7/7 has had a profound impact on all British Muslims. While many who are distinctively religiously observant or publicly politically active have faced the greatest risk of demonisation and attack, those who are not have also had to come to terms with a changed landscape. On the last anniversary of 7/7 Murtaza Shibli launched a ground-breaking book, ‘7/7: Muslim Perspectives’, in which twenty five ordinary and diverse British Muslim voices explain the impact 7/7 has had on their lives. No one has worked harder to build bridges between Muslims and counter-terrorism policing in the wake of 7/7 than Fatima Khan, vice-chair of the Muslim Safety Forum in London, and an important contributor to the new book.

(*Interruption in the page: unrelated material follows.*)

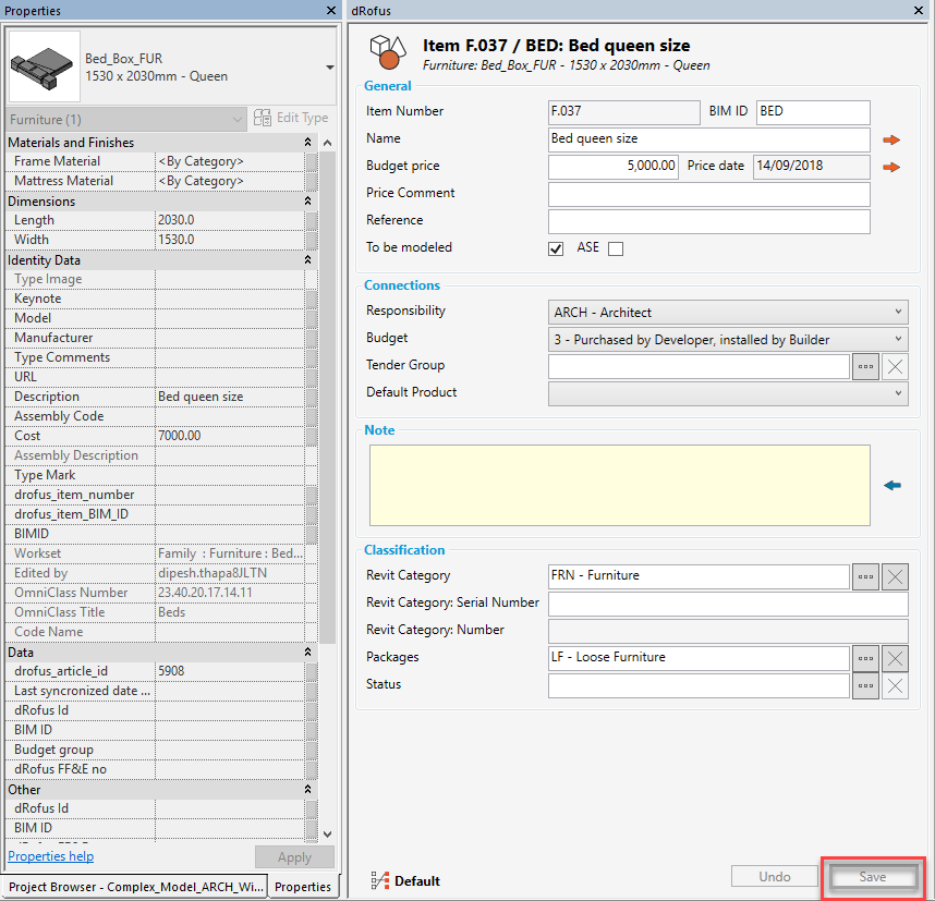 In the following example, if dRofus' Budget price value is changed from "3,000.00" to "5,000.00" and then "Save" is clicked on, the update will be made immediately within the corresponding Revit parameter Cost as well:

Nevertheless, she has seen friends and colleagues vilified as ‘radicals’ and security threats when in fact they are valuable allies against al-Qaida terrorism.
This is the ongoing legacy of the Bush-Blair analysis of al-Qaida and the root causes of 9/11 and 7/7. Fascinatingly the coalition government contains ministers who enthusiastically endorse it – most notably David Cameron and Michael Gove – and those who oppose it – most obviously Nick Clegg and Sarah Teather. An authoritative public inquiry might help them resolve their competing perspectives, do a real service for the victims of 7/7, reduce street violence against Muslims and keep London safe in the future. If bereaved families continue to campaign for it, then politicians may yet be forced to listen in the long run.
Robert Lambert MBE is a research fellow at the Department of Politics and Co-Director of the European Muslim Research Centre, University of Exeter. He is also the retired head of the London Metropolitan Police’s Muslim Contact Unit (MCU).